Is this Gram-Scmidt (or an application of) it?

Question

I am given a $2\times 2$ matrix $$\left[ \begin{array}{ccc} a & 0 \\ 0 & b \\ \end{array} \right] $$ where $a,b \in \mathbb{R}$. I was told than an orthnormal basis for the colums of this matrix is $\frac{1}{\sqrt{a}}e_1$ and $\frac{1}{\sqrt{a}} e_2$. How does one show this? At first I thought it was an application of Gram-Schmidt, but I am not sure how to apply it.

Answer 1

If you meant an orthonormal basis for the columns space, and assuming $\;a,b\neq0\;$, then it could be

$$\left\{\;\binom10\;,\;\;\binom 01\;\right\}$$

Of course, the above is not the only orthonormal basis for that space.

Answer 2

There is something incorrect in the statement. I'll first explain why.

In order for a basis to be orthonormal, the basis vectors need to be of length one in addition to being orthogonal.

The notation $e_1$ usually means a vector of all 0's and 1 in the first spot. In general $e_i$ is a vector of all 0's with a 1 in the $i^{th}$ spot.

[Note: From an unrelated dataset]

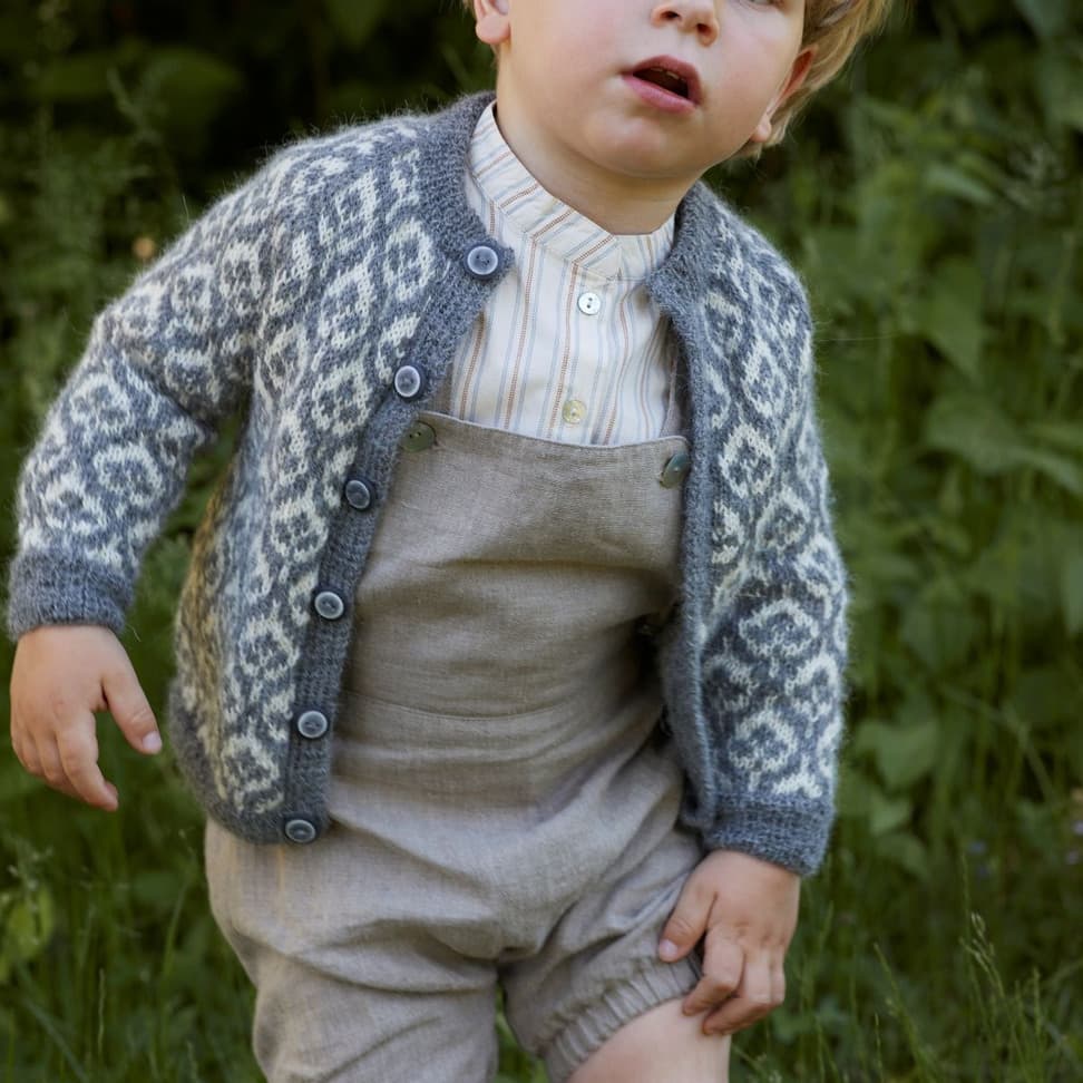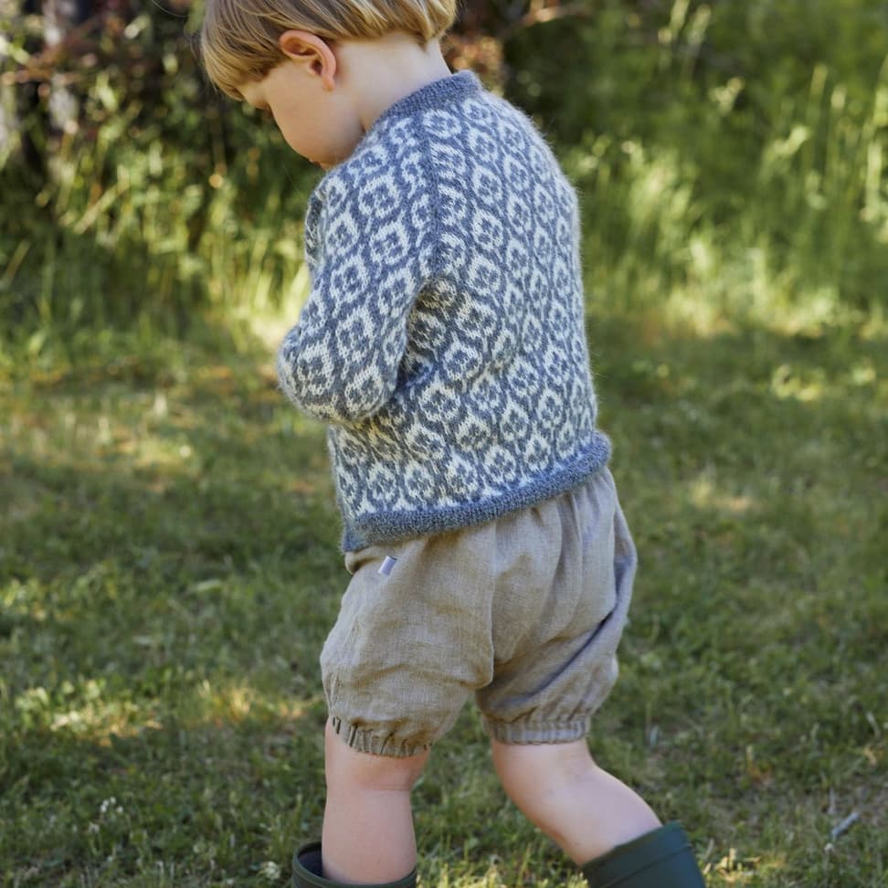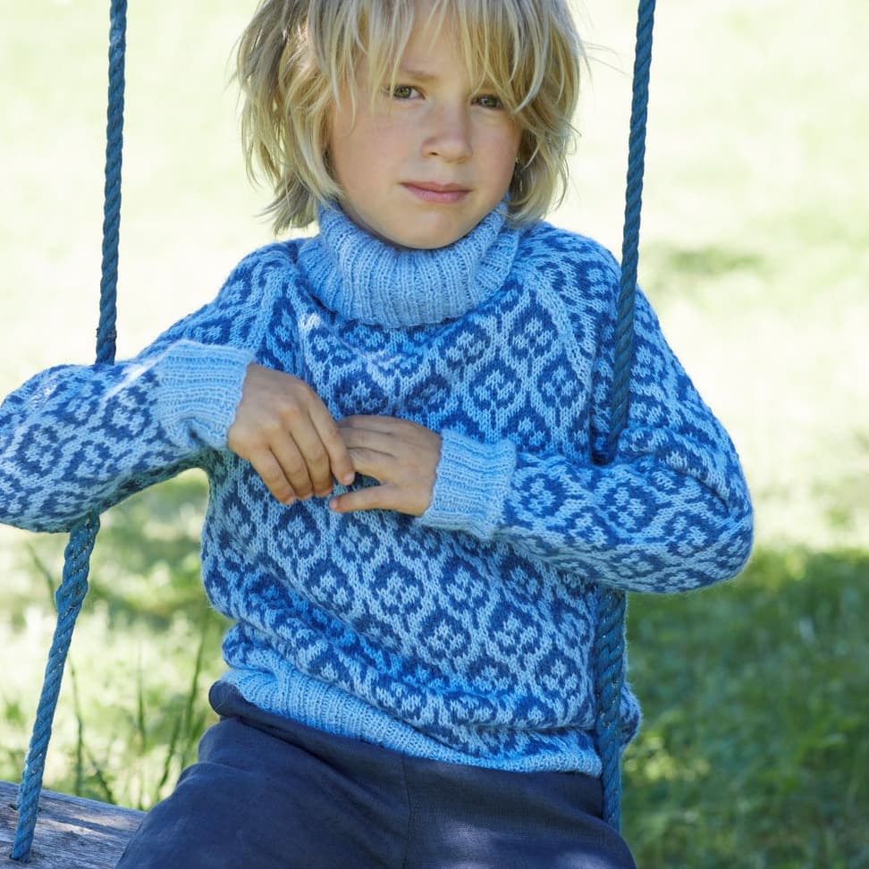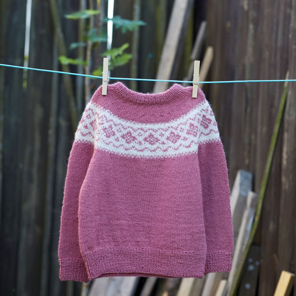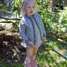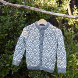 Helmønstret jakke med raglanfelling i to farger, strikket nedenfra og opp. Jakken er strikket rundt og klippet opp foran ved montering.

Therefore the statement that $\frac{1}{\sqrt{a}} e_1 $ and $ \frac{1}{\sqrt{a}} e_2$ are orthnormal is incorrect because each of these vectors have length $$\|\frac{1}{\sqrt{a}} e_1\|_2= \sqrt{{\frac{1}{\sqrt{a}}}^2+0^2+...+0^2}=\sqrt{\frac{1}{a} }=\frac{1}{\sqrt{a}}$$

which is only 1 when $a=1$. $ \frac{1}{\sqrt{a}} e_2$ is similar.

Since a basis is closed under multiplication, any multiple of a basis element can be treated as the same basis element. For example, $$ \left(\begin{array}{c} a\\ 0 \end{array}\right) \text { and } \left(\begin{array}{c} 1\\ 0 \end{array}\right) $$ can be consider the same because $$ \left(\begin{array}{c} a\\ 0 \end{array}\right) = a \left(\begin{array}{c} 1\\ 0 \end{array}\right). $$

Looking at $$\left[\begin{array}{cc} a & 0\\ 0 & b \end{array}\right],$$ $$ \left(\left\{ \begin{array}{c} a\\ 0 \end{array}\right\} ,\left\{ \begin{array}{c} 0\\ b \end{array}\right\} \right) $$ Is an orthogonal basis, but it isn't an orthonormal one. In order to make it orthonormal you need to divide each vector by its length. (In this case, their lengths are just $a$ and $b$.) Thus your orthonornmal basis is $$ \left(\left\{ \begin{array}{c} 1\\ 0 \end{array}\right\} ,\left\{ \begin{array}{c} 0\\ 1 \end{array}\right\} \right) .$$

Gram-Schmidt could be used here to get an orthonormal basis. However, since this example is relatively simple, we don't need such a complicated process. Instead, we can get the orthonormal basis using the thought process I described.